Create and explore Azure Machine Learning dataset with labels
In this article, you'll learn how to export the data labels from an Azure Machine Learning data labeling project and load them into popular formats such as, a pandas dataframe for data exploration.
What are datasets with labels
Azure Machine Learning datasets with labels are referred to as labeled datasets. These specific datasets are TabularDatasets with a dedicated label column and are only created as an output of Azure Machine Learning data labeling projects. Create a data labeling project for image labeling or text labeling. Machine Learning supports data labeling projects for image classification, either multi-label or multi-class, and object identification together with bounded boxes.
Prerequisites
- An Azure subscription. If you don’t have an Azure subscription, create a free account before you begin.
- The Azure Machine Learning SDK for Python, or access to Azure Machine Learning studio.
- A Machine Learning workspace. See Create workspace resources.
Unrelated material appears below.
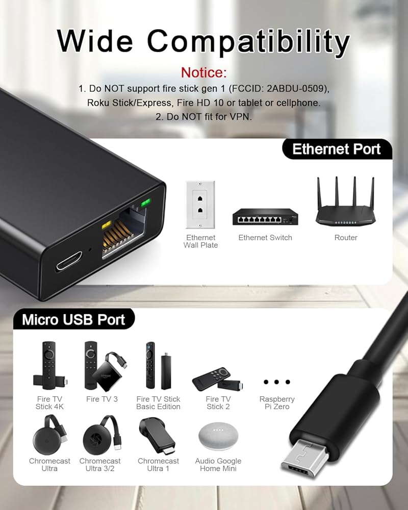 Pre-Use Instructions - Suitable for Fire Stick TV 4k, Google Home Mini, chromecast ultra audio, etc.NOT compatible with Fire TV stick gen 1, Chromecast with Google TV(HD)/Chromecast with Google TV(4K), roku stick/express, fire HD 10 or tablet or cellphone; Does not fit for VPN.
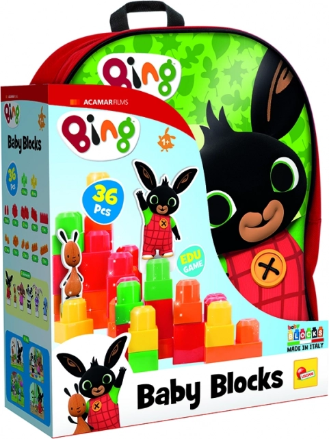 Ontdek de speelse bouwset met Bing-thema in een praktische rugzak. De set bevat 32 stukjes en kartonnen zelfcorrigerende elementen die in de blokken met speciale uitsteeksels kunnen worden geschoven – ideaal voor de ontwikkeling van fijne motoriek, logisch denken en creativiteit bij kinderen.

- Access to an Azure Machine Learning data labeling project. If you don't have a labeling project, first create one for image labeling or text labeling.
Export data labels
When you complete a data labeling project, you can export the label data from a labeling project. Doing so, allows you to capture both the reference to the data and its labels, and export them in COCO format or as an Azure Machine Learning dataset.
Use the Export button on the Project details page of your labeling project.
COCO
The COCO file is created in the default blob store of the Azure Machine Learning workspace in a folder within export/coco.
Note
In object detection projects, the exported "bbox": [x,y,width,height]" values in COCO file are normalized. They are scaled to 1. Example : a bounding box at (10, 10) location, with 30 pixels width , 60 pixels height, in a 640x480 pixel image will be annotated as (0.015625. 0.02083, 0.046875, 0.125). Since the coordintes are normalized, it will show as '0.0' as "width" and "height" for all images. The actual width and height can be obtained using Python library like OpenCV or Pillow(PIL).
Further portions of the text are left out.